Friday Candle Lighting: 4:31 pm
Shabbat Ends: 5:19 pm

Torah Message:

It’s Nothing, Really!

“I am Yosef. Is my father still alive?” (45:3)

How many times when you apologize to someone do you hear: “It’s nothing, really! Why are you making such a fuss out of it? What did you do, after all? Forget it! It’s really nothing!”

Now for some people, saying “It’s nothing” is genuine forgiveness. It really is nothing to them. However, most of the time what people really mean is “It’s nothing really?! You must be joking! I don’t even want to hear your voice. I just want to see you squirm around in front of me. I’m not letting you off the hook for anything. Apologize away. It’s nothing really!”

A person who refuses to accept an honest apology can make himself guiltier than the “guilty party”. Just as Judaism prescribes the appropriate behavior for one who needs to apologize, so too there is a correct way to behave towards someone seeking forgiveness. Indeed, someone who turns a plea for forgiveness into an opportunity for vengeance, however subtle it might be, will very probably end up committing a graver sin that the original offense.

Picture Yosef’s brothers standing in front of him with utter humiliation and guilt at facing their young brother whom they had wronged so terribly. Now they were facing a king who had the power of life and death over them. How did Yosef react in this situation? Human nature would suggest that Yosef would, at least, have laid out in some detail all the hardship and suffering they had caused him. However, what we read in the Torah sounds more like an extended “Thank You note” than a reproach.

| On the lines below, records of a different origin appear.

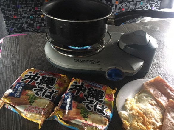 開了一百多公里路,已經到了午餐時間。我們在瀑布旁邊,很快地煮了泡麵,終於把我們從台灣帶來的泡麵都煮光了。早餐多煎了兩顆蛋,也直接搭配泡麵來食用。
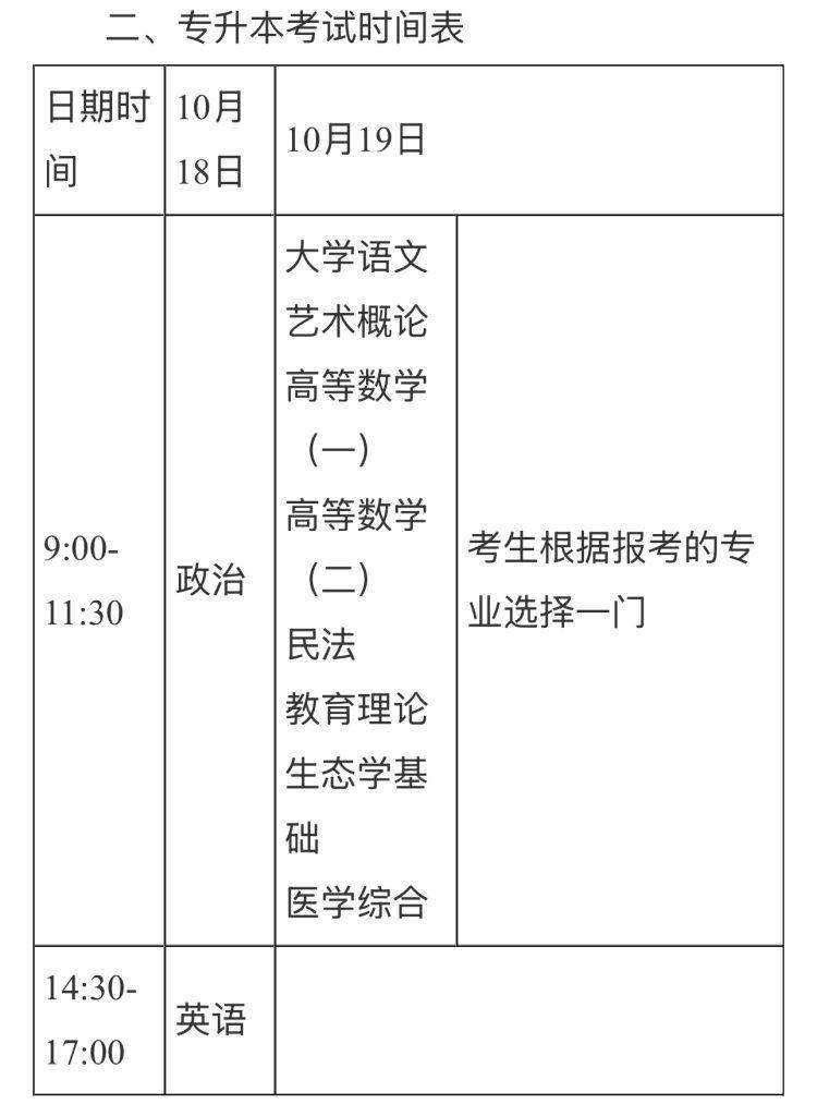 专升本统考科目为政治、英语和一门专业基础课,共3科。专业基础课根据各学科门类的特点设置8个科目。
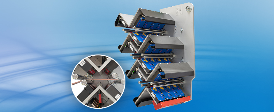 A micrometer can measure several segments or strips simultaneously, acquire the results synchronously and then output them. Several optoCONTROL 2520 sensors can be operated synchronously with each other. For ribbons and cutting machines, this allows simultaneous segment measurements of multiple strips. In addition to the bandwidth, the simultaneous acquisition of other measurement values such as the center position of the ribbons is possible. Often, smaller strips of just a few millimeters must also be measured. For this purpose, the multi-segment mode of the ODC2520 optical micrometer detects up to eight individual strips within 46 mm or 95 mm without having to change the measuring program.
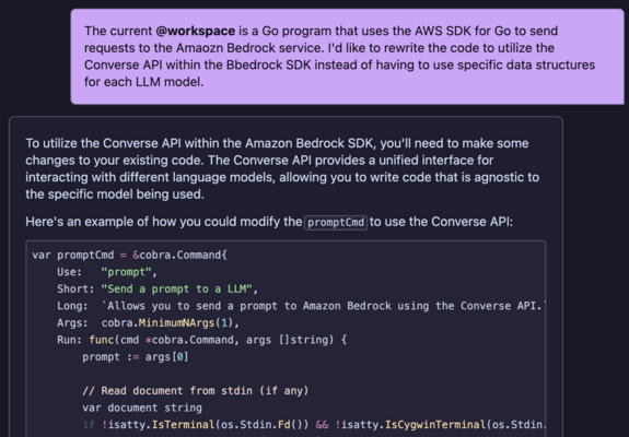 🧑💻 In this example, I'm asking Q to look across my code and suggest a strategy to modify what I've already written and use the new Converse API instead of how I did it originally.
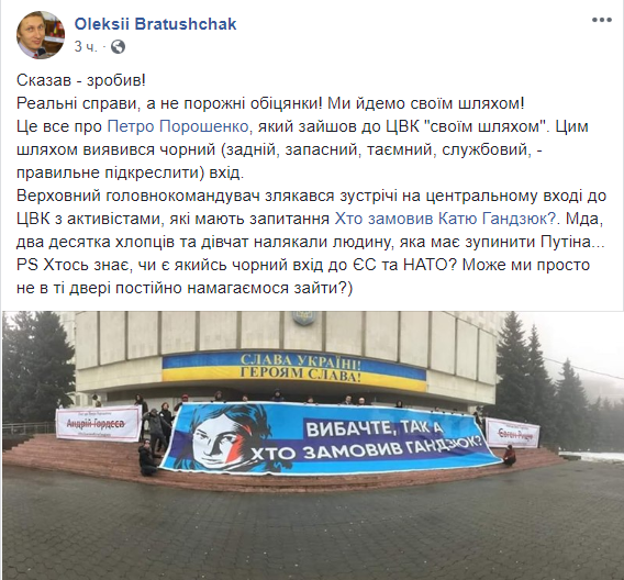 "Верховный главнокомандующий испугался встречи на центральном входе в ЦИК с активистами, которые есть вопросы Кто заказал Катю Гандзюк ? Мда, два десятка ребят напугали человека, который должен остановить Путина", - недоумевает Братущак.
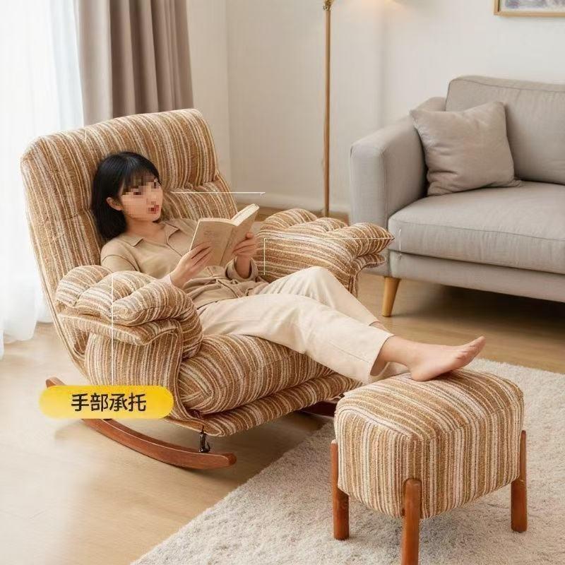 Rocking Chair Living Room Recliner Upholstered Striped Fabric Adult Single Seat Comfortable Leisure Chair
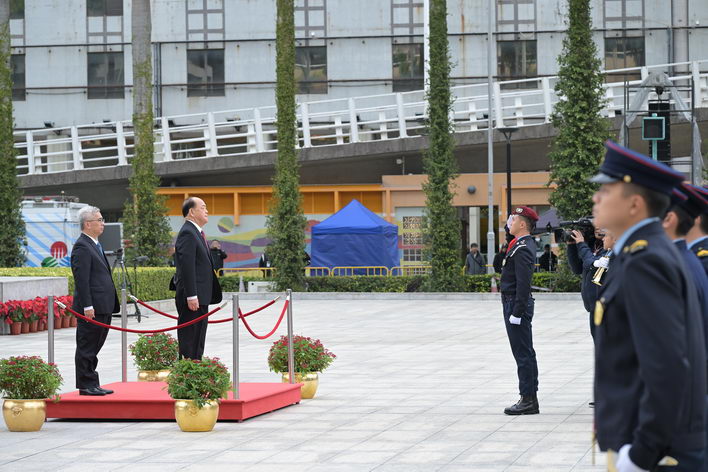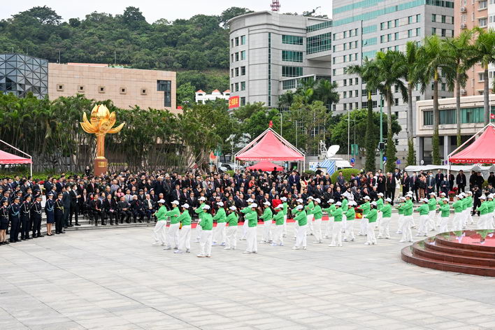 行政長官、中央駐澳官員、解放軍駐澳部隊軍官、特區立法和司法機關負責人、政府主要官員及各界人士等約520名嘉賓出席了上午8時在金蓮花廣場舉行的慶祝澳門特區成立24周年升旗儀式。

And now, be not distressed, nor reproach yourselves, for it was to be a provider that G-d sent me ahead of you. Thus, G-d has sent me ahead of you to ensure your survival in the land and to sustain you. It is not you who sent me here, but G-d.

The Torah teaches us that, as important as it is to say “Sorry“, it’s equally important to know how to say “I forgive you” in a way that genuinely comforts the offender.